The worst bugs aren't the loud ones. They're the ones that happen once a fortnight, take a box down hard, and leave you nothing but a vague "it rebooted" in the monitoring. We had one of those on a handful of machines for about six weeks. The breakthrough wasn't fixing it. The breakthrough was making it happen on demand.
the symptom
The pattern, such as it was: a host would drop off the network, the watchdog would eventually kick it, and it would come back with no clean shutdown logged. Uptime reset, no application errors, nothing in the app logs because the app never got a chance to complain. Just gone, then back.
The first job was getting any evidence at all. A panicking kernel can't write to its own disk reliably, so the on-disk logs were useless: the box was already on fire by the time it would have flushed anything. Two things changed that.
First, kdump. If you can get a crash kernel to boot after the panic, it'll dump a vmcore you can actually read later. Make sure it's enabled and that you've reserved memory for the crash kernel:
# is the crash kernel reserved at boot?
cat /proc/cmdline | grep -o 'crashkernel=[^ ]*'
# is kdump actually armed?
systemctl status kdump
kdumpctl status
Second, and this is the one that saved me, netconsole. If the machine can still get a packet out in the moment before it dies, you can stream the kernel log to another host over UDP. It's crude and it works:
modprobe netconsole \
[email protected]/eth0,[email protected]/00:11:22:33:44:55
On the listener I just sat with nc -u -l 6666 writing to a file. Now the dying gasps of the kernel went somewhere that wasn't the dying machine.
making it reproducible
Catching the trace once would have been progress. The real win was noticing the correlation. Every crash I had a rough timestamp for lined up with a burst of network throughput, specifically large transfers hammering one particular NIC. That gave me something to poke at deliberately instead of waiting around.
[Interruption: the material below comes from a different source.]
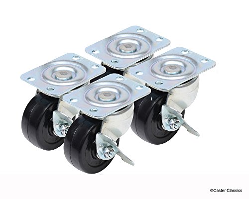Caster Classics 2-inch Locking Low Profile HD Rubber Wheel Plate Casters - 4-Pack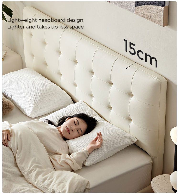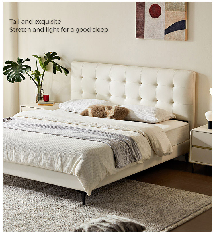 استمتع براحةٍ وراحةٍ لا مثيل لهما مع سريرنا المُنجّد باللون الأبيض الجبني. صُمّم هذا السرير ليكون القطعة الأساسية الهادئة في غرفة نومك، فهو يجمع بين الفخامة والرقيّ والجماليات العصرية الأنيقة.

So I stopped being patient. On a drained host I pointed iperf3 at it and ran sustained multi-stream transfers, then layered on some ethtool ring-buffer fiddling to stress the driver's allocation paths. It took maybe forty minutes the first time, then under ten once I'd found the right shape of load. A bug you can trigger in ten minutes is a bug you can fix.
the trace
With netconsole capturing, the panic finally showed its face. The call stack walked through the NIC driver's receive path into a null pointer dereference, the sort of thing that happens when a buffer gets freed while something still holds a reference to it. The exact frames pointed at the driver, not at our code, which was both a relief and an annoyance: relief because it wasn't something I'd written, annoyance because driver bugs are someone else's release schedule.
A quick search of the kernel changelogs turned up a fix in a later point release for that exact driver, describing a use-after-free under heavy receive load. That matched the trace and matched the trigger. I didn't have to understand every line of the patch to be confident it was our bug, the description read like a transcript of my last six weeks.
the fix, and the lesson
The fix was unglamorous: move those hosts onto a kernel that carried the driver fix, then confirm by re-running the exact load that used to kill them. It survived a sustained soak that would previously have taken it down in minutes. Done.
The thing I'll keep from this isn't the driver bug. It's that an intermittent crash stays unsolvable right up until the moment you can summon it. Everything before that is guessing. Once you can make it happen whenever you like, reading the trace and finding the fix is almost mechanical. So when something flakes rarely and badly, the first hour is best spent not on theories but on instrumentation and a reliable trigger. Get the bug to come to you on a lead, and the rest follows.